第508章 『怒』海爭锋(合章,昨天的补更)
    (叠甲,以下所有巧合类”情节並非想当然,均参考《日德兰:胜败攸关12小时》
    中各舰的遭遇和倖存者回忆)
    麦克林托克上校放下瞭望远镜,转身走回装甲指挥塔。
    按照战前的编制计划,他的纳尔逊勋爵號”根本不该出现在这个位置。
    作为皇家海军最后一型前无畏舰的首舰,纳尔逊勋爵號”从一开始就带著几分承上启下”的意味。
    它的建造过程中,已经用上了大量此前只在试验阶段的新技术,尤其是新型魔导核心。
    这种新型魔导核心的性能,和后续战列巡洋舰、无畏舰、超无畏舰上搭载的版本,其实並没有太大差异。
    或者更准確地说,造价162万镑的纳尔逊勋爵號”的主要任务之一,本来就是充当新型魔导核心的海上测试平台。
    后续主力舰所装备的量產型號,正是在它身上完成了一系列试验后才定型的升级版本。
    所以单从性能指標上看,除了没有统一全舰主炮口径这一点之外,纳尔逊勋爵级”在其他方面已经无限接近於標准无畏舰。
    当然,主装甲带只有水线上这一套305毫米,也一直被海军戏称为皮带装甲”。
    但儘管如此,它的魔导核心在高速巡航”模式下,也能让这艘满载排水量超过一万七千吨的钢铁怪兽在完全平静的海况中跑出25.5节的极限航速。
    25.5节。
    虽然还够不上伊莉莎白女王號”那种超无畏在高速巡航”模式下的28节,但在整个地中海舰队的主力舰中,这个数字排第三。
    仅次於两艘无敌级战列巡洋舰,和旗舰伊莉莎白女王號”。
    理论上,纳尔逊勋爵號”应该和同级舰阿伽门农號”一起,编入快速打击分队,跟著旗舰行动。
    但问题出在奥兰港。
    在此前攻击高卢海军主力的那场战斗中,高卢共和国海军让·巴尔”战列舰在临死前打出的最后一轮拼死齐射,形成了亡语效果”。
    有一发炮弹命中了纳尔逊勋爵號”的水线以下部位。
    虽然损管人员堵住了缺口,保住了战舰,但对整个动力单元造成的损害,必须回到马尔他的港口里才能修復。
    这直接把纳尔逊勋爵號”的最高航速从25.5节打到了20节出头。
    20节,对於快速打击分队来说太慢了。
    罗贝克中將因此做出了一个看似合理的决定:
    把纳尔逊勋爵號”丟到战列舰分队里当领舰,让它带著其他四艘航速更慢的前无畏舰,作为第二梯队接战。
    麦克林托克上校当时没有任何异议,因为从战术逻辑上来讲,自己確实也跟不上快速打击分队行动。

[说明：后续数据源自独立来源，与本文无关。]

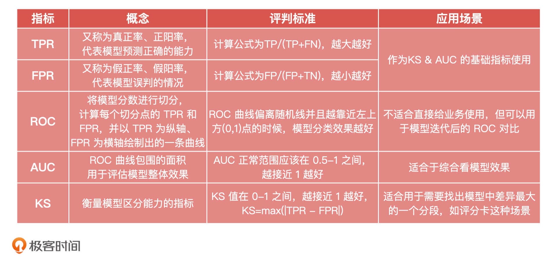这节课,我们讲了分类模型评估的进阶指标:KS和AUC,它们是我们在模型评估中用得比较多的指标。围绕它们的构建,我们又讲了TPR、FPR和ROC曲线,为了方便你记忆和对比,我把它们的核心概念、公式适用场景都总结在了下面的表格中,你可以看看。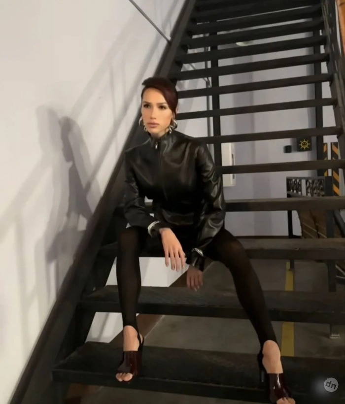 На фото Загитова предстала в кожаной куртке и полупрозрачных леггинсах с убранными в длинный хвост волосами. Она также выложила кадр с бэкстейджа, на котором сидит вместе с сумкой Hermes.

    但罗贝克中將和麦克林托克上校大概都没有料到,这片平静的地中海上会突然冒出这么一团该死的海雾。
    “副舰长。”
    麦克林托克上校走进指挥塔后,第一句话就衝著身旁的副舰长去的。
    “复述一遍目前的態势。”
    副舰长手上捏著一份匆匆写成的备忘,语速很快地回答道:“北方发现大量黑烟,初步判断萨克森辉晶动力战舰,距离12到15海里。”
    “空中確认两艘.....不,三艘装甲飞艇正在接近。”
    “旗舰方位西南偏南,距离约8海里且仍在扩大..
    ,”
    麦克林托克上校:“联繫上旗舰了没有?”
    “已经完成发报了,目前还在等待旗舰的回覆。”
    麦克林托克上校在装甲指挥塔里走了两步,然后转身看向航海长身边的战斗海图,手指落在了代表己方五艘前无畏舰的標记点上。
    北面是萨克森人的黑烟。
    东南面是罗贝克中將的旗舰和快速打击分队,中间隔著至少8海里,而且这个距离短时间內很难缩小。
    “航海长,按照萨克森辉晶战舰的常態最高巡航速度计算,从发现黑烟到双方进入有效炮击距离,还有多少时间?”
    航海长听罢拿著工具在战斗海图上飞快地划了两下。
    “如果萨克森人保持全速追击,大约五十分钟以上。”
    “五十分钟..
    “”
    麦克林托克上校重复了一遍这个数字,嘴里发出一声低沉的咒骂。
    罗贝克中將需要在五十分钟內做出反应,要么调转舰队回来支援,要么,他不太想考虑“要么”后面是什么,而且他觉得罗贝克中將在今天的指挥很可能不止出这一个岔子....
    麦克林托克上校没有再浪费任何时间。
    “水手长,全舰战斗警报。”
    “aye, aye,sir!“
    警铃在下一秒穿透纳尔逊勋爵號”的每一层甲板和每一条走廊。
    前甲板上,一名壮硕的老资歷水兵正带著十几个水兵清理杂物,以確保在战时不会有任何鬆散的东西变成致命的破片。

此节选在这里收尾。